Thomas Gainsborough, Mr & Mrs Andrews, 1749, Londres, National Gallery

Gainsborough est fasciné par la nature. S’il était né cent ans plus tard, il serait peut-être devenu peintre de paysages. Cependant au XVIIIe siècle, ce type de peinture est peu valorisé et mal payé. Quand il se lance dans la peinture, il opte donc, sans doute un peu par dépit, pour le portrait. Il devient rapidement le portraitiste à la mode de la bourgeoisie et la petite noblesse anglaise, représentant la plus souvent couples et familles au sein de la nature qu’il affectionne tant, alliant ainsi passion et nécessité. Ce tableau peint au tout début de sa carrière – il n’a que 21 ans – est cependant inhabituel. Le format allongé et les personnages rejetés sur le côté gauche laissant une très large place à la nature forment une mise en page originale que le peintre ne renouvellera pas. Le jeune artiste se conformait-il au vœu de ses commanditaires?

Ces derniers, Mr et Mrs Robert Andrews, mariés de fraîche date, posent devant un énorme chêne. Leur propriété, Les Auberies, avec ses champs, ses bois, ses prairies occupe une place plus importante que leur double portrait. Le peintre détaille de façon précise et fidèle les champs de blé, les troupeaux de mouton du riche domaine agricole que possède le jeune couple.

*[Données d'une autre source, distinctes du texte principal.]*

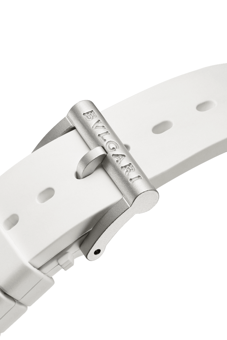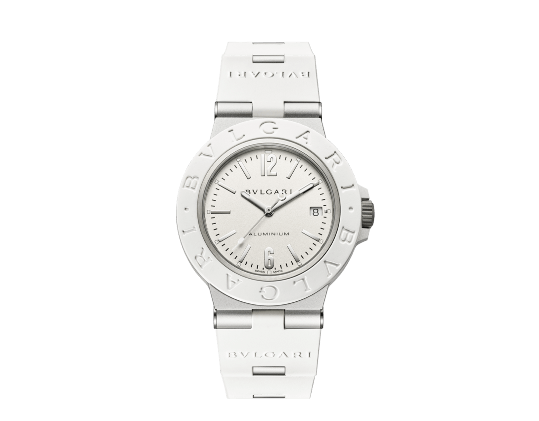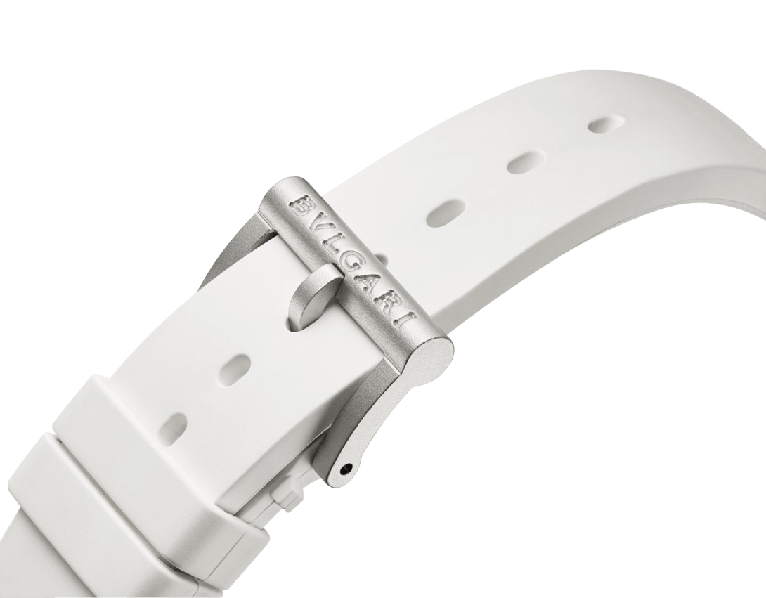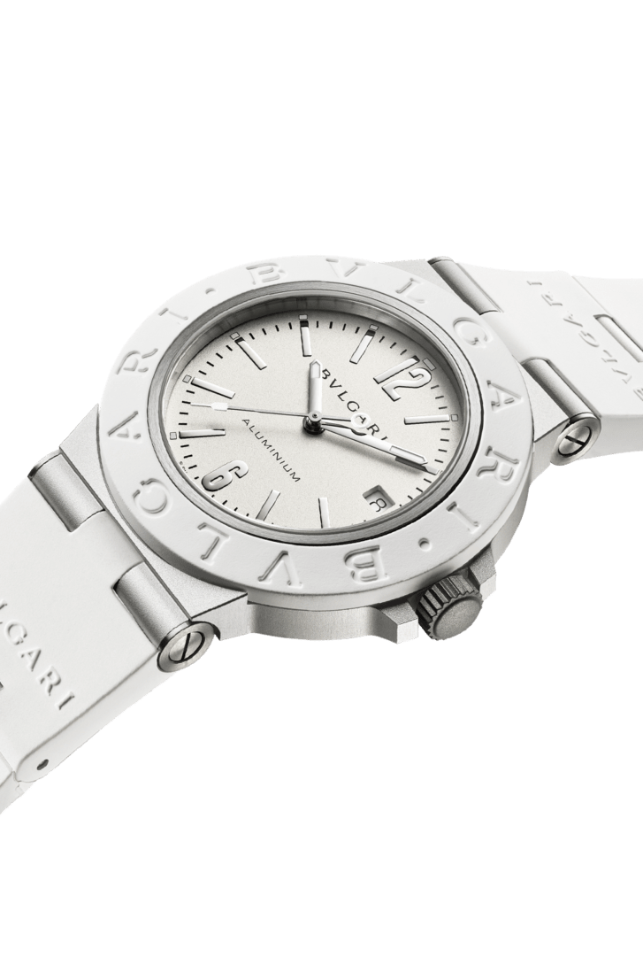 ブルガリ アルミニウム ホワイト オートマティック ウォッチ。機械式マニュファクチュールムーブメント。自動巻き。時・分・中央秒針・日付表示。キャリバーB77(厚さ3.60mm)、42時間パワーリザーブ。振動数28,800振動/時(4ヘルツ)。40mmのサンドブラスト加工を施したアルミニウム製ケース。ブルガリ・ブルガリのエングレーヴィングを施したホワイトのラバー製ベゼル。ヴァーニッシュホワイトのオパーリンダイアルにロジウム仕上げのインデックス。ポリッシュロジウム仕上げのブラス製時針・分針にスーパールミノバ®。ポリッシュロジウム仕上げのブラス製中央秒針の先端にホワイトラッカー、3時位置に日付表示窓、サンドブラスト仕上げチタニウム製リューズ。サンドブラスト加工とサテン仕上げのチタン製ケースバック。ホワイトのラバー製ブレスレットにサンドブラスト加工を施したアルミニウム製リンクとピンバックル。100メートル防水。

Andrews s’affiche ici clairement comme un représentant de la « landed gentry ». L’air blasé, une jambe croisée devant l’autre, il s’appuie avec nonchalance sur le banc où est assise son épouse. Cette pose décontractée, son habit clair à la mode, son équipement de chasse suggèrent ce juste équilibre entre élégance et décontraction qui caractérise le gentleman.

Détail du paysage

Détail du paysage

Pourtant Andrews n’a pas le sang aussi bleu qui en a l’air. Son père est un riche bourgeois londonien qui fit fortune dans le négoce et l’industrie, acheta des terres et épousa une femme issue de la noblesse campagnarde, rejoignant ainsi grâce à son mariage la classe très enviée des gentlemen anglais. Au milieu du XVIIIe siècle, de nombreux marchands vont comme Andrews devenir propriétaires terriens et mettre en marche la révolution agricole en Angleterre. Ces « hommes d’affaires » devenus « gentlemen farmers » vont en effet bouleverser l’agriculture anglaise en gérant leur domaine agricole comme leurs négoces, c’est-à-dire en cherchant à en tirer le maximum de profits. Il y a dans ce tableau un indice qui nous montre l’appartenance d’Andrews à cette catégorie de propriétaires terriens progressistes : la modeste clôture en bois qui entoure les champs et pâturages. L’ « enclosure » est une innovation récente mise en place par les nouveaux venus qui permet de se libérer du droit ancestral de la vaine pâture. Celui-ci autorisait les paysans pauvres et sans terres à mener paître leur bétail dans les champs moissonnés et freinait la productivité agricole des grandes exploitations car empêchait le labour et la remise en culture immédiate des terres moissonnées.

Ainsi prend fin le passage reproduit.